High-severity Windows flaw exploited in hacker gang attacks
Take action: If you haven't patched your Windows since June, time to patch it NOW. There are many exploited vulnerabilities, including CVE-2024-30088. And educate your users not to execute PowerShell commands (click Ctrl-C, then Ctrl-V on powershell.exe) to "verufy that they are not a robot"
Learn More
In a series of cyberattacks targeting critical infrastructure and government organizations across the United Arab Emirates and other Gulf region countries, the Iranian state-sponsored advanced persistent threat (APT) group OilRig (also known as APT34) exploited a severe Windows privilege escalation vulnerability tracked as CVE-2024-30088.
According to a report from Trend Micro, the attackers leveraged this flaw to compromise systems, allowing them to conduct a wide range of malicious activities, including credential theft and covert communications.
OilRig initiated the attacks by injecting PowerShell commands into vulnerable web servers or Windows computers. Note that there are many phishing and website scams persuading users to execute PowerShell commands to "verufy that they are not a robot".
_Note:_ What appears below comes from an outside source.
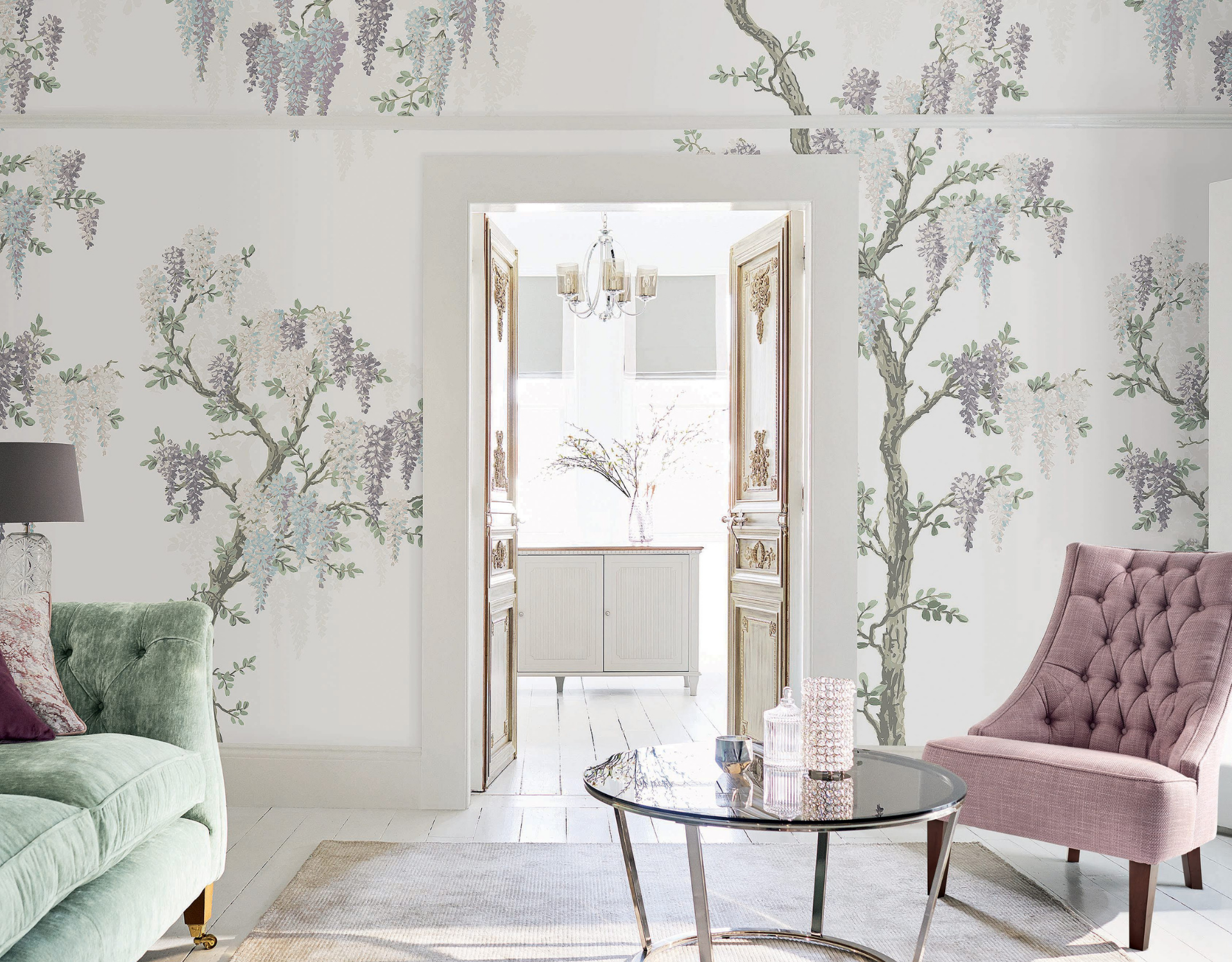Homepage photo: The Wisteria Garden wallpaper from the Laura Ashley collaboration with Graham & Brown. | Courtesy of Graham & Brown

Once they established a foothold, they exploited CVE-2024-30088, a high-severity vulnerability in Windows that enables privilege escalation. After the breach, they executed:
- Password filter DLL registration: Capturing plaintext credentials through password filters.
- Ngrok utility installation: Used to create covert communication channels.
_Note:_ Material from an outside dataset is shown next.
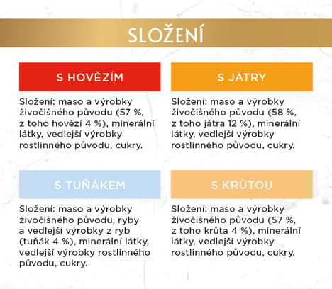 S HOVĚZÍM: Maso a vedlejší výrobky živočišného původu (z toho hovězí 4 %), vedlejší výrobky rostlinného původu, minerální látky, cukry

- Targeting Microsoft Exchange servers: Using the newly discovered StealHook backdoor.
The StealHook backdoor is installed which researchers linked to OilRig. It's primary function is to capture stolen passwords and transmit them to the attackers via email attachments. These emails are routed through government Exchange servers by using legitimate accounts with stolen passwords, further complicating detection.
Organizations are urged to patch this vulnerability and educate their users for PowerShell attacks.